The use of more complex IT security strategies does not
London, UK, June 21, 2022 (GLOBE NEWSWIRE) — Hornetsecurity’s survey reveals that organizations have enabled more M365 security features as they have been increasingly targeted by cyberattacks over the past year.
A global IT security and compliance survey of more than 800 IT professionals found that the rate of IT security incidents increases as Microsoft 365 security features are used.

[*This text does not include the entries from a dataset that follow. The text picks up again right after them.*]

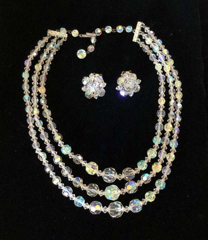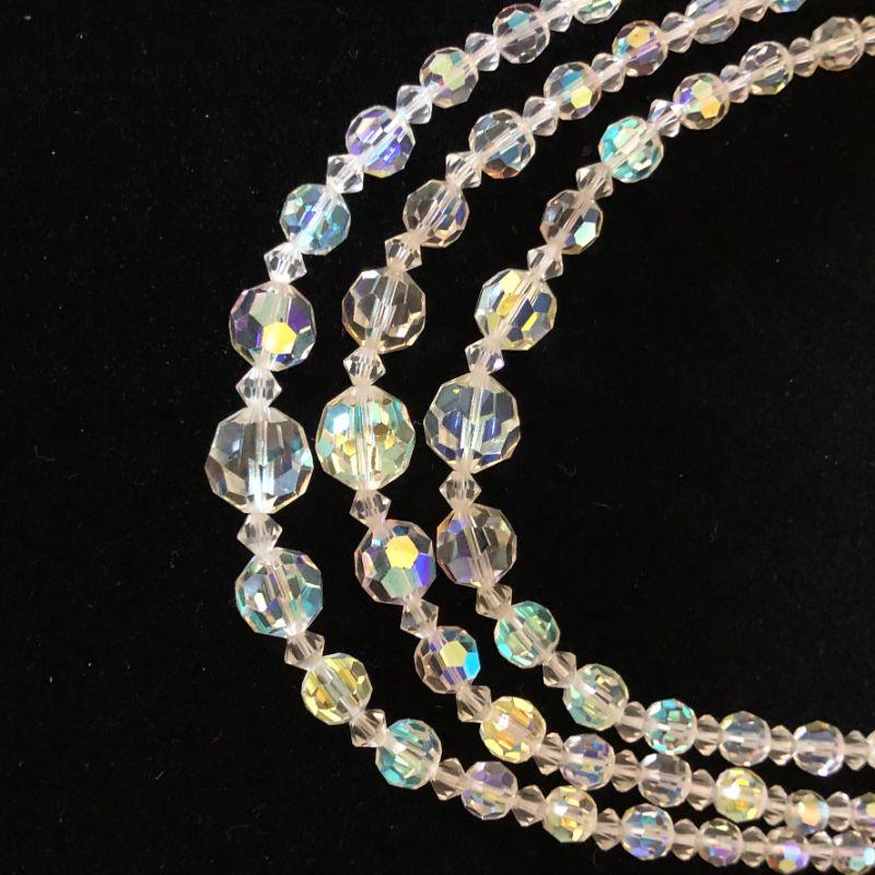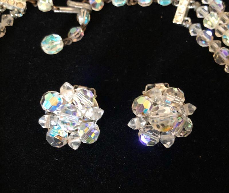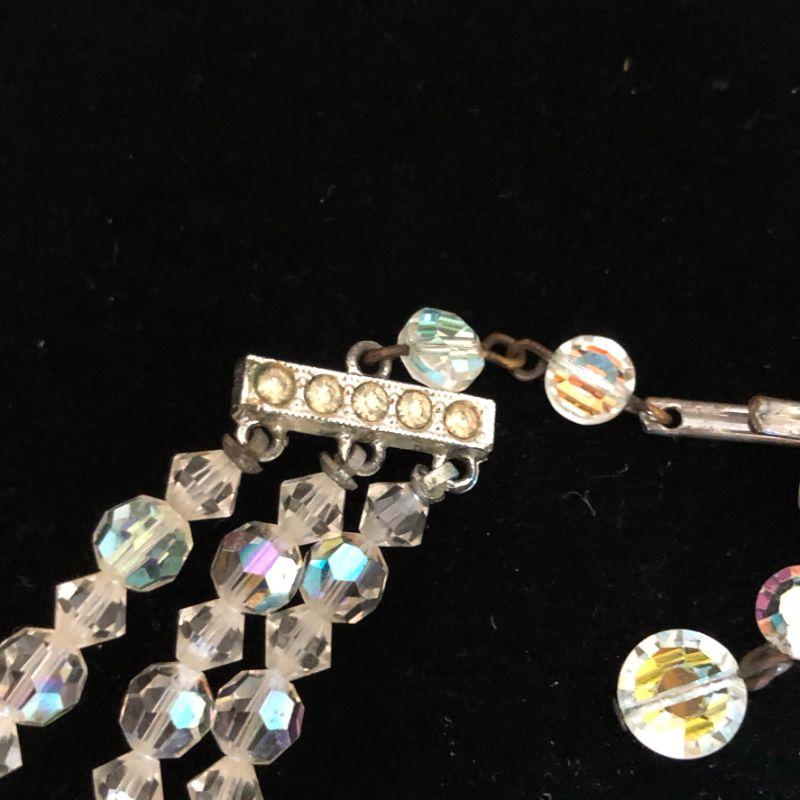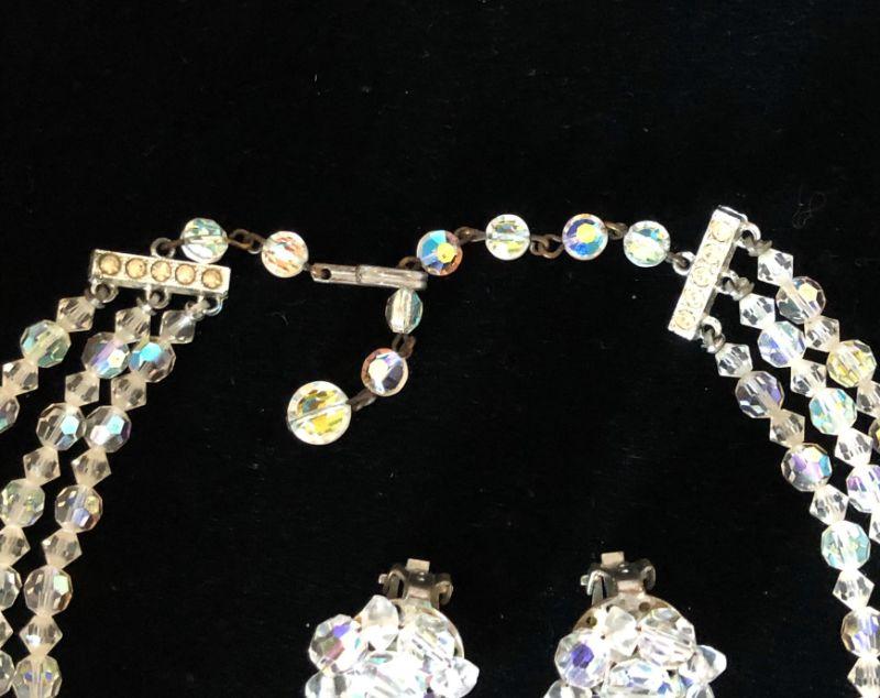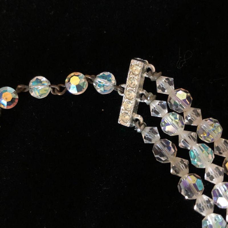 These are in great condition, but there are not any maker's marks that I can find. By the weight of the choker, I'm assuming that the iridescent beads are glass. Both sides of the clasp has additional bling.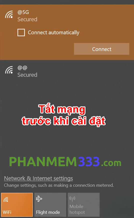 Trước khi cài đặt, bạn tạm thời tắt mạng internet.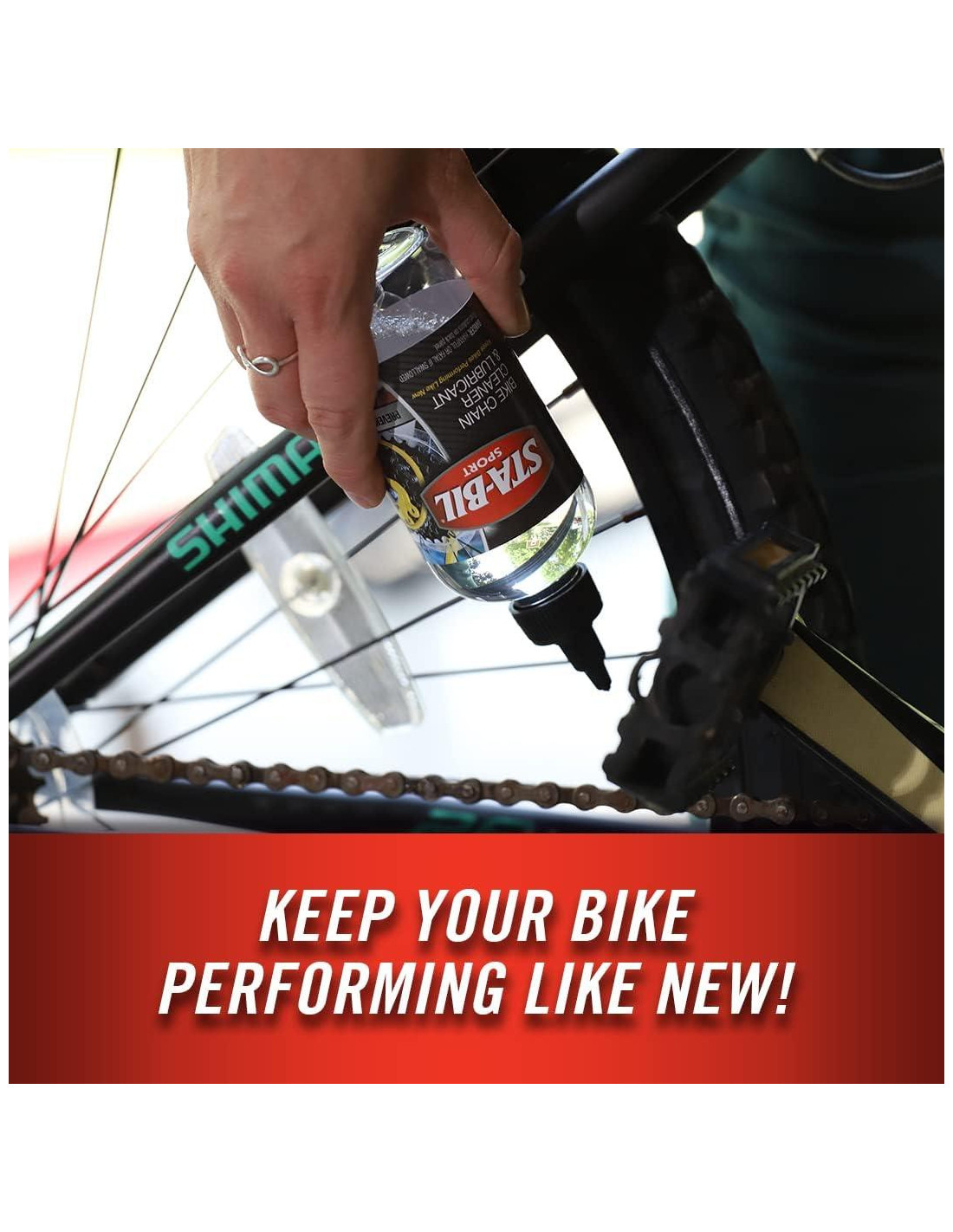 - PREVIENE ÓXIDO - El Limpia y Lubrica Cadenas de Bicicleta STA-BIL SPORT mantiene las bicicletas funcionando como nuevas al penetrar profundamente en la cadena, cables y desviadores de la bicicleta. Este producto fácil de aplicar funciona aflojando la suciedad y reduciendo la fricción para mejorar drásticamente el rendimiento del tren de transmisión de la manera más conveniente posible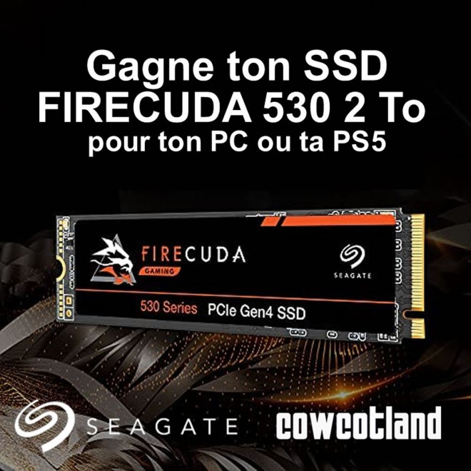 Durant trois jours, et cela grâce à SEAGATE, vous pourrez tenter votre chance pour gagner un SSD FIRECUDA 530 2 To qui sera compatible avec votre PC, mais aussi votre PS5.

Organizations using Microsoft 365 that use 1 or 2 of its stock security features reported attacks 24.4% and 28.2% of the time, respectively, while those using 6 or 7 features reported attacks respectively 55.6% and 40.8% of the time. Overall, it was found that 3 in 10 organizations (29.2%) using Microsoft 365 reported a known security incident in the last 12 months.
Overall, the survey results indicate that while the use of additional security features is essential, it is more practical to use proven, user-friendly solutions – preferably performed by dedicated security professionals.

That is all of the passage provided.